Notified -stable + GKH 2024-09-02, so will hopefully arrive in the stable tree soon (6.10): https://lore.kernel.org/stable/348d0bbc-050e-4d3d-9956-2dc8888188f1@gmail.com/T/#t
FEDORA-2024-c4b4460831 (kernel-6.10.8-200.fc40) has been submitted as an update to Fedora 40. https://bodhi.fedoraproject.org/updates/FEDORA-2024-c4b4460831
FEDORA-2024-c2e066226b (kernel-6.10.8-100.fc39) has been submitted as an update to Fedora 39. https://bodhi.fedoraproject.org/updates/FEDORA-2024-c2e066226b
Patch still not applied in 6.10.8, so bug is still present.
> Patch still not applied in 6.10.8, so bug is still present. It was applied to the Fedora build of 6.10.8: https://koji.fedoraproject.org/koji/buildinfo?buildID=2541219 (F40) See its changelog: ``` * Wed Sep 04 2024 Augusto Caringi <acaringi> [6.10.8-0] - Add to BugsFixed (Augusto Caringi) - xfs: xfs_finobt_count_blocks() walks the wrong btree (Dave Chinner) - Linux v6.10.8 ... ... ... ``` -> it is "xfs: xfs_finobt_count_blocks() walks the wrong btree (Dave Chinner)" It is also in the F39 build: https://koji.fedoraproject.org/koji/buildinfo?buildID=2541217
Thanks! https://koji.fedoraproject.org/koji/buildinfo?buildID=2541219 works!
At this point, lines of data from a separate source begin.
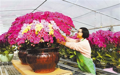 16日,在新罗区红坊镇倒流水村的新兴兰苑蝴蝶兰种植基地,上万株蝴蝶兰姹紫嫣红、绚彩绽放,员工们正忙着将蝴蝶兰成品花组盆、装箱,准备销往全国各地。据了解,该基地共拥有智能温室大棚8000平方米,蝴蝶兰品种40多个,年产蝴蝶兰成品花和中、小苗各15万株,产值达400多万元。 通讯员 温连光 谢小艳 摄
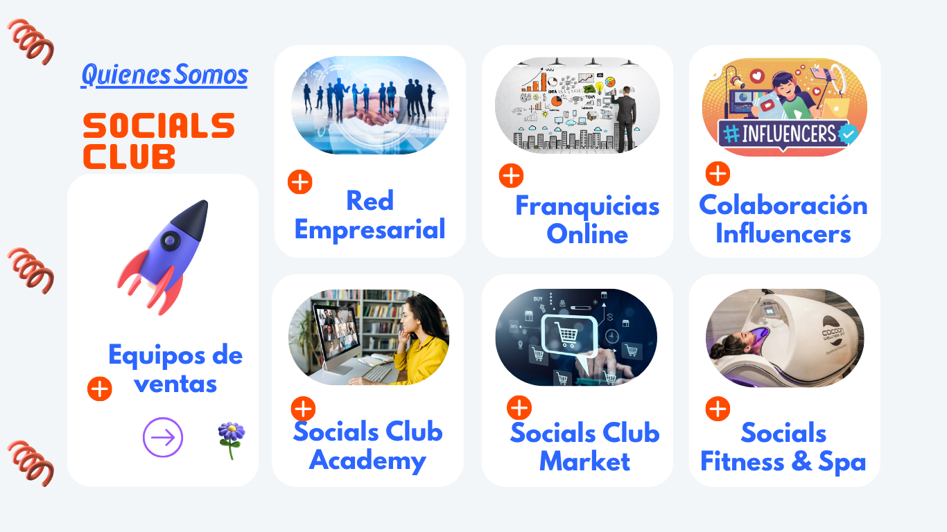 SI DESEAS PERTENECER A SOCIALS CLUB, FÓRMATE CON EL CURSO HIGH TICKETS DE LA FRANQUICIA SOCIALS FITNESS & SPA, DONDE LE DAMOS A CONOCER LAS HERRAMIENTAS DE MARKETING Y PLATAFORMAS DE DESARROLLO DE TU NEGOCIO CON SOCIALS CLUB.
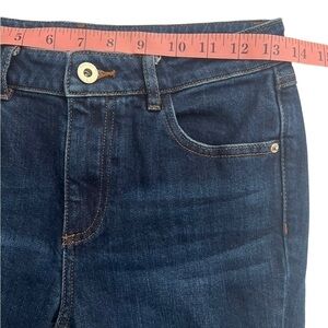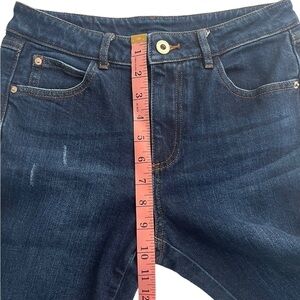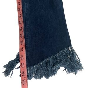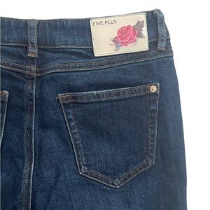 Five Plus Juniors Distressed Raw Hem Cropped Jeans. Size Small. Dark blue wash denim with distressing. Raw frayed ankle hems. Classic 5 pocket design. Zip fly and single button closure. Approximate measurements as pictured. Cotton blend fabric with stretch. Good condition. Like new.
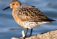 红腹滨鹬,是鹬科、滨鹬属的小型涉禽,体长23-25厘米,嘴较短而直、黑色,脚亦甚短、绿色。体较粗胖。夏季上体灰褐色具黑色中央纹,背具棕栗色和白色斑纹和羽缘,头侧和整个下体栗红色。冬季棕红色消失,…全部>>

FEDORA-2024-c4b4460831 has been pushed to the Fedora 40 testing repository. Soon you'll be able to install the update with the following command: `sudo dnf upgrade --enablerepo=updates-testing --refresh --advisory=FEDORA-2024-c4b4460831` You can provide feedback for this update here: https://bodhi.fedoraproject.org/updates/FEDORA-2024-c4b4460831 See also https://fedoraproject.org/wiki/QA:Updates_Testing for more information on how to test updates.
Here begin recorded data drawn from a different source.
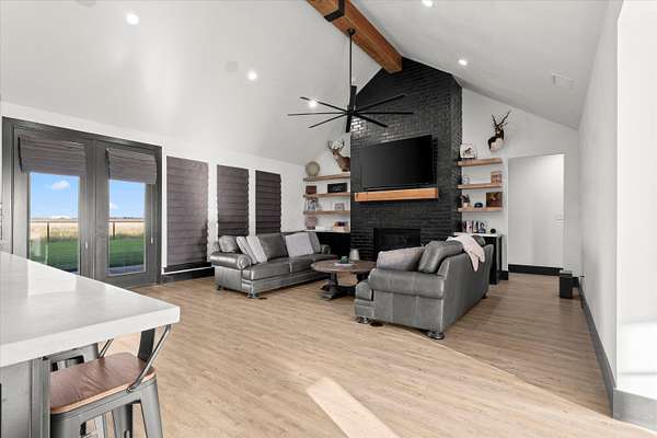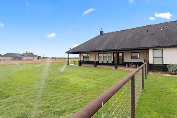 Farmhouse elegance meets contemporary comfort on 10 acres located in Shallowater ISD! Welcome to your dream home ~ This stunning 4-bedroom, 3-bathroom home sits on 10 acres and offers the perfect blend of rustic charm and modern sophistication. The open layout offers a spacious living area with tons of natural light, surround sound, gourmet kitchen features a large concrete island which adds seating for 6, 5 burner gas stovetop, farm sink, stainless steel appliances, double oven & a walk-in pantry with additional storage. The secluded primary suite features a luxurious soaking tub, oversized walk-in shower with rain head and spa-like ambiance. A walk-around closet with a hidden safe, dressing table and tons of storage. Three additional bedrooms are ideal for family, guests or home office and do not miss the bonus space upstairs which would be fantastic for a game-room! Expansive 30X40 insulated shop perfect for your hobbies, boat parking or additional covered parking. 2 water wells for irrigation and domestic use. Sprinklers in the front and backyard! Pipe fencing and no climb wire, planted in native grass. Whether you're seeking peaceful country living or a place to entertain, this property delivers. With room to roam, grow, and create ~ Welcome Home!
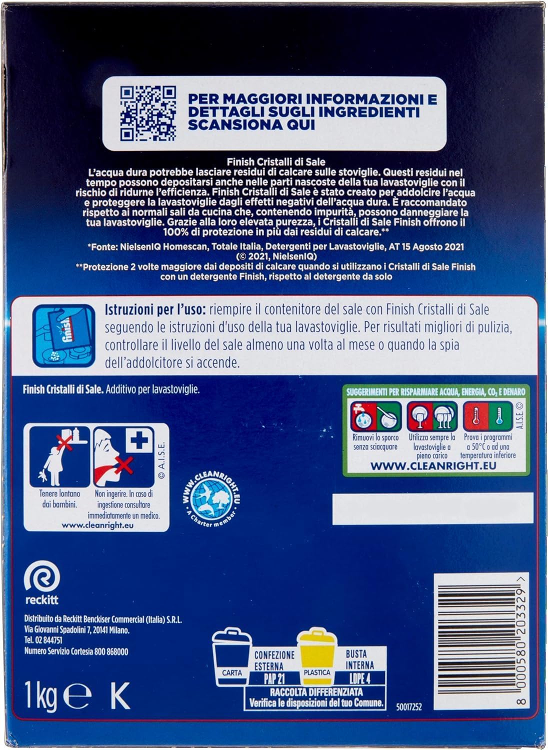 Finish Cristalli di Sale, 1 kg di Sale per Lavastoviglie, Additivo Lavastovigle contro l'Accumulo di Calcare
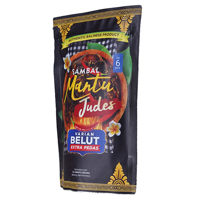 Sambal Mantu Varian Belut Judes Pouch memiliki level pedas ESTRA PEDAS dengan campuran Belut Crispy di dalamnya. Diproduksi secara modern dengan menggunakan bahan-bahan berkualitas dan resep tradisional khas Bali. Dikemas dengan menggunakan kemasan saset. 1 pouch isi 6 saset. Cocok digunakan sebagai salah satu oleh-oleh khas Bali, bisa juga digunakan pada saat traveling, ibadah haji, perjalanan dinas dan lain-lain.

FEDORA-2024-c2e066226b has been pushed to the Fedora 39 testing repository. Soon you'll be able to install the update with the following command: `sudo dnf upgrade --enablerepo=updates-testing --refresh --advisory=FEDORA-2024-c2e066226b` You can provide feedback for this update here: https://bodhi.fedoraproject.org/updates/FEDORA-2024-c2e066226b See also https://fedoraproject.org/wiki/QA:Updates_Testing for more information on how to test updates.
FEDORA-2024-c4b4460831 (kernel-6.10.8-200.fc40) has been pushed to the Fedora 40 stable repository. If problem still persists, please make note of it in this bug report.
FEDORA-2024-c2e066226b (kernel-6.10.8-100.fc39) has been pushed to the Fedora 39 stable repository. If problem still persists, please make note of it in this bug report.